About this exercise: Reproduction of part of the material below, pictures omitted: copy exactly, and only, the lines starting with the one with "- Beach cover" and going on through the one with "JOHNNY BENCH, HANK".

Data:
/---

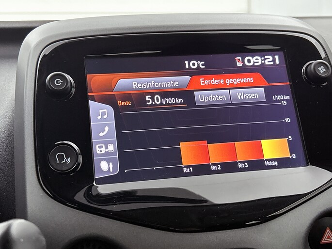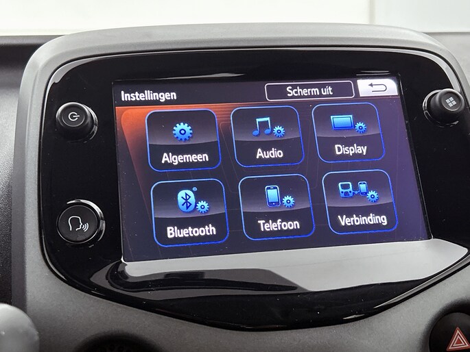 Ook achter de auto geen verrassingen bij het inparkeren. Daarvoor zorgt de achteruitrijcamera. De achteropkomend verkeer waarschuwing bewaakt de afstand tot achterliggers en geeft een signaal als er te weinig ruimte is. Je hoeft het stuur geen moment los te laten om de audio aan te passen. De audiobediening op het stuur is een veilige en praktische oplossing. Ja, airconditioning is er natuurlijk ook in deze auto. Extra opties op deze auto zijn: centrale deurvergrendeling met afstandsbediening en verstelbaar stuur.
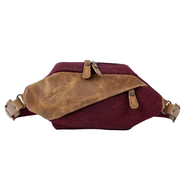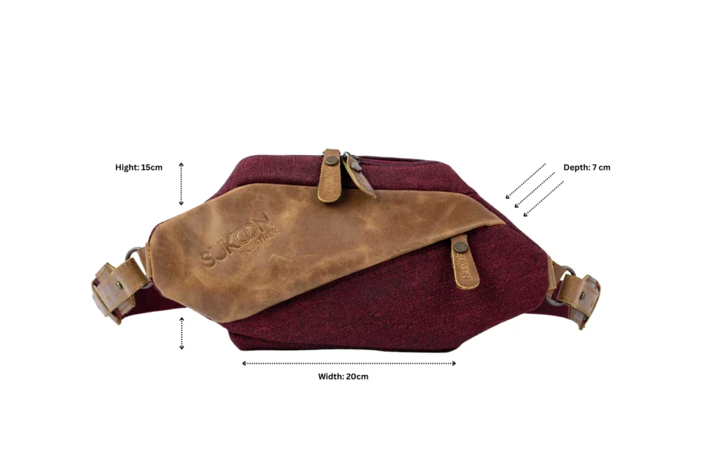 The Crimson Nomad waist bag by Sukoon Leather makes a bold style statement with its maroon Linen and tan leather base.
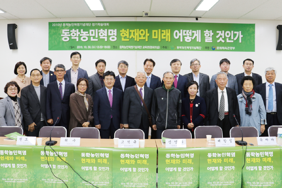 지난 10월 30일 재단 교육관에서 동학농민혁명기념재단 정기학술대회가 “동학농민혁명 현재와 미래, 어떻게 할 것인가”라는 주제로 개최되었다. 이날 학술대회는 이이화 역사학자(전 동학농민혁명기념재단이사장)의 ‘동학농민혁명의 역사’라는 기조강연에 이어 조재곤(서강대 연구교수)- ‘동학농민혁명 국외자료 현황과 활용방안’, 배항섭(성균관대 교수)- ‘동학농민혁명 연구현황과 미래 가치화’, 원도연(원광대 교수)- ‘국가기념일 제정 이후 동학농민혁명 기념사업의 기본방향’ 등 3명의 주제발표가 있었다. 신영우 충북대 명예교수가 좌장을 맡은 종합토론은 이병규(기념재단 연구조사부장), 유바다(고려대 교수), 고석규(목포대 명예교수), 허수(서울대 교수), 신순철(원광대 명예교수), 문병학(기념재단 기념사업부장) 등이 토론자로 참여하였다.
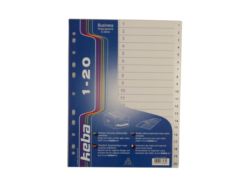 Plastregister i A4-format av mycket hög kvalitet. Helt transparent för ett stilrent och modernt intryck. Indexbladet är vändbart med extra mycket plats för text. Index 1-20.
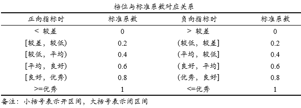 | --- | --- | --- | --- | | < 较差 | 0 | > 较差 | 0 | | [较差,较低) | 0.2 | (较低,较差] | 0.2 | | [较低,平均) | 0.4 | (平均,较低] | 0.4 | | [平均,良好) | 0.6 | (良好,平均] | 0.6 | | [良好,优秀) | 0.8 | (优秀,良好] | 0.8 | | >=优秀 | 1 | <=优秀 | 1 |
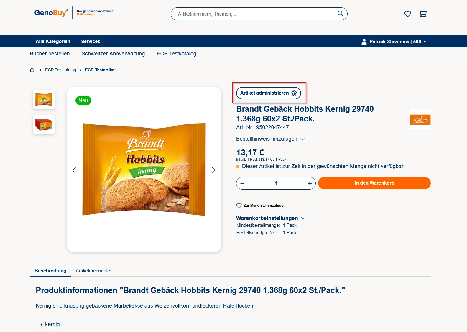 Die Artikel werden mit allen Informationen angezeigt: Artikelname, Artikelnummer, Artikeltexte, Nachhaltigkeits-Siegel, Lagerartikel sowie den Preis des Artikels.
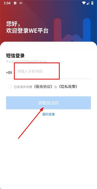 2、在手機(jī)登錄頁面填寫手機(jī)號,勾選協(xié)議后,點(diǎn)擊獲取驗(yàn)證碼。
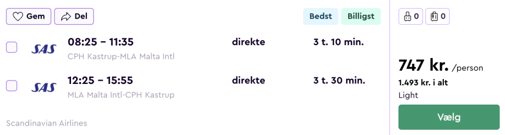 På vores flysøgemaskine har vi fundet billige flybilletter fra København til Malta:
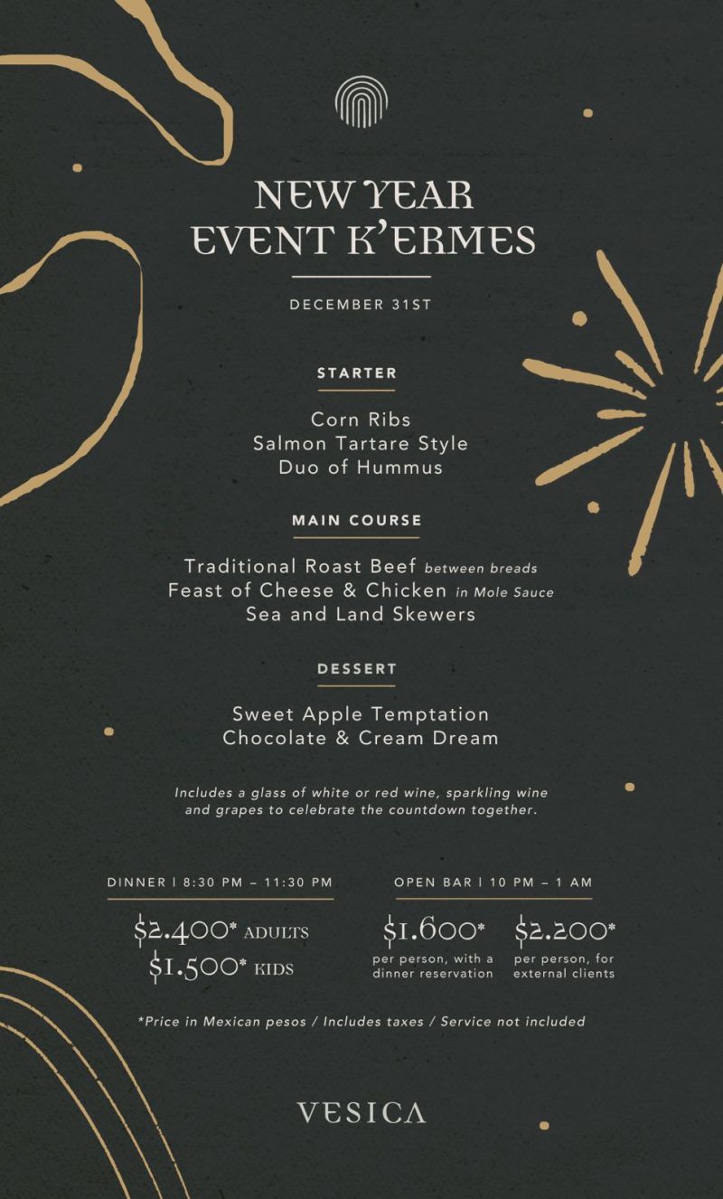 Ofrecemos: una exquisita cena k´ermés de 8 platillos por persona ,el brindis de la nueva entrada de año , que puedes combinar con una barra libre de mixología nacional e internacional.
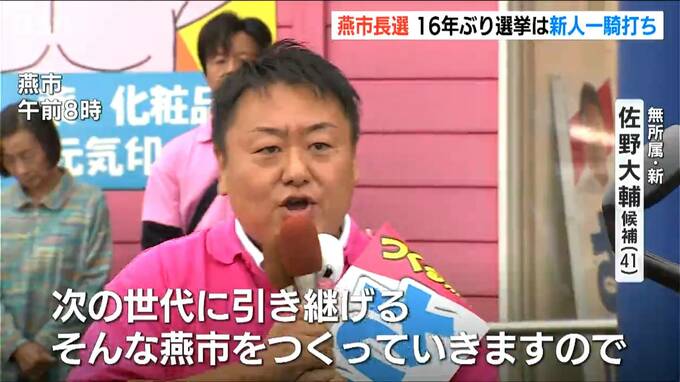 燕市長選挙に立候補したのは、届け出順に、無所属で元会社員の佐々木剛さん(59)と、無所属で元市議の佐野大輔さん(41)の新人2人です。
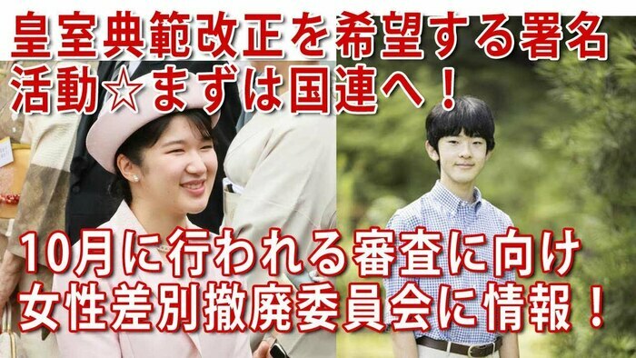 Voiceでのご報告が遅くなりましたが、国連の女性差別撤廃委員会に皇位継承問題がジェンダー平等の法律に反している事、また世論調査では女性天皇を望む声が90%もあること、現在活動している敬宮愛子さまの立太子と皇室典範改正を望む署名活動では多くのご賛同者が集まっていることなどを英文化しジュネーブの国連女性差別撤廃委員会に提出をしました。
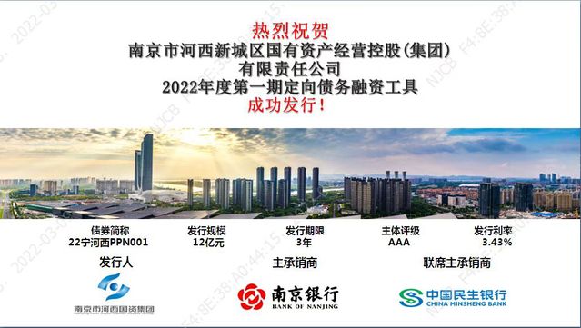 3月9日,南京市bevictor伟德新城区国有资产经营控股(集团)有限责任公司(以下简称“bevictor伟德集团”)成功发行2022年度第一期定向债务融资工具。
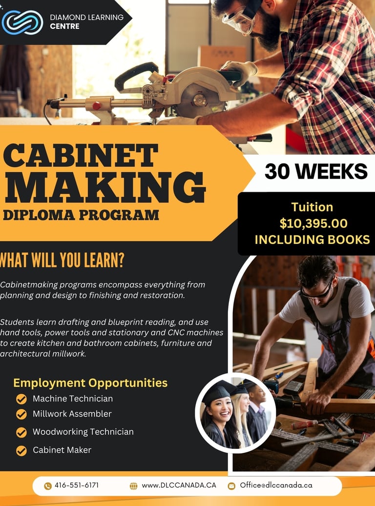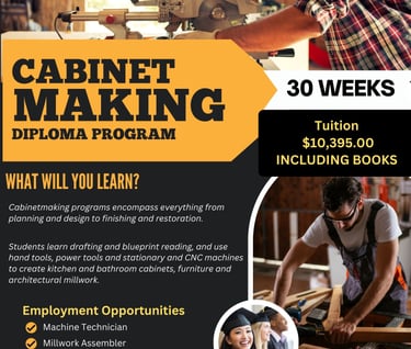 Craft your future in woodworking with the Cabinet Making Diploma Program, designed to develop your skills in the art and science of building custom cabinets, furniture, and millwork. This hands-on program teaches precision woodworking techniques, materials knowledge, and the use of industry-standard tools and machinery.
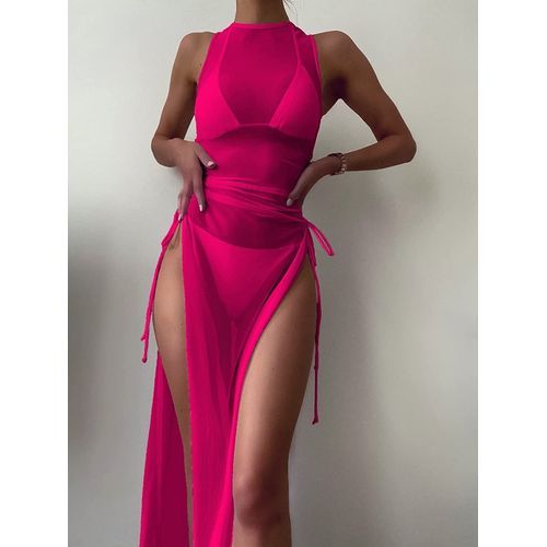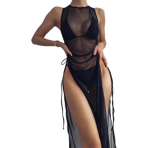 - Beach cover up with drawstring waist, sheer mesh, long length and high split finished, ultra amazing and chic
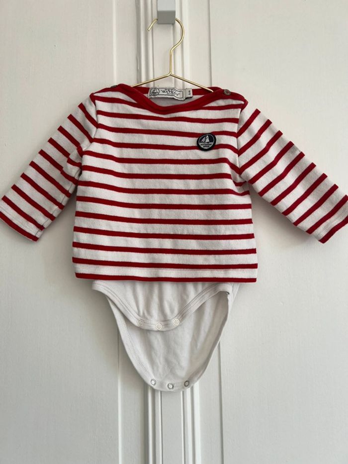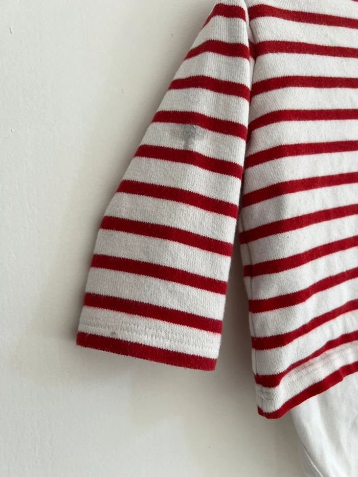 Pull-body petit bateau 6 mois Rayé marinière rouge Body intégré au pull, super pratique ! Malheureusement taché sur une manche (cf photo) #lgti6mois
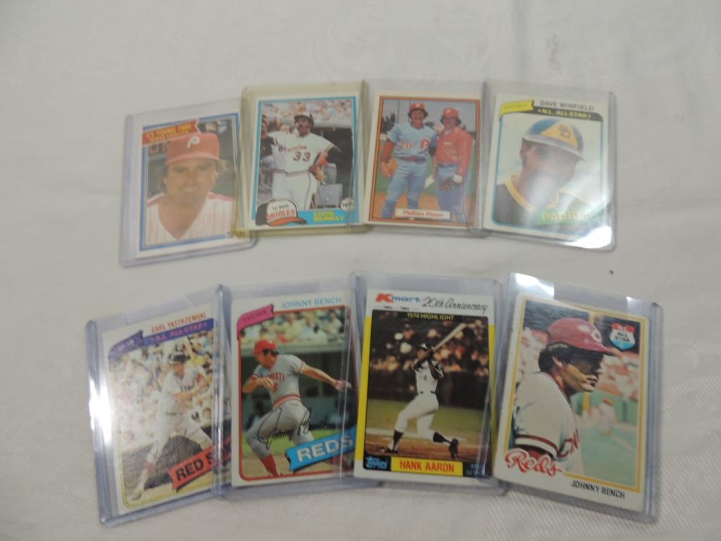 JOHNNY BENCH, HANK AARON, JOHNNY BENCH, CARL YASTRZEMSKI, DAVE WINFIELD, PHILLIES, FINEST, EDDIE MURRAY, CY YOUNG BASEBALL PLAYER CARDS. TRADING CARDS. COLLECTIBLE. BASEBALL MEMORABILIA. GOOD CONDITION AS SHOWN. SEE PHOTO FOR MORE DETAILS.
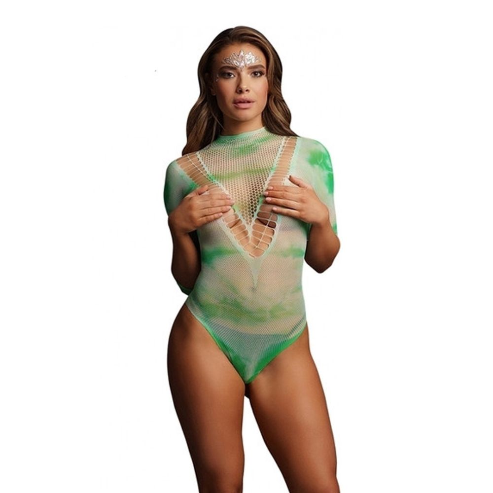 Body Shots Bliss Short Sleeve Verde O/S de rejilla con teñido batik y cuello alto y escote en V de contraste. El body tiene manga corta y la espalda semiabierta. Este body está disponible en tallas de la S a la XL. Si quieres lucir un look de verano atrevido, póntelo por encima de un bikini o combínalo con pezoneras adhesivas y unos pantalones cortos. ¡Para añadirle resplandor ponte el adhesivo facial brillante con forma de corona y brilla como un diamante toda la noche!

\---

Solved exercise:
 - Beach cover up with drawstring waist, sheer mesh, long length and high split finished, ultra amazing and chic
 Pull-body petit bateau 6 mois Rayé marinière rouge Body intégré au pull, super pratique ! Malheureusement taché sur une manche (cf photo) #lgti6mois
 JOHNNY BENCH, HANK AARON, JOHNNY BENCH, CARL YASTRZEMSKI, DAVE WINFIELD, PHILLIES, FINEST, EDDIE MURRAY, CY YOUNG BASEBALL PLAYER CARDS. TRADING CARDS. COLLECTIBLE. BASEBALL MEMORABILIA. GOOD CONDITION AS SHOWN. SEE PHOTO FOR MORE DETAILS.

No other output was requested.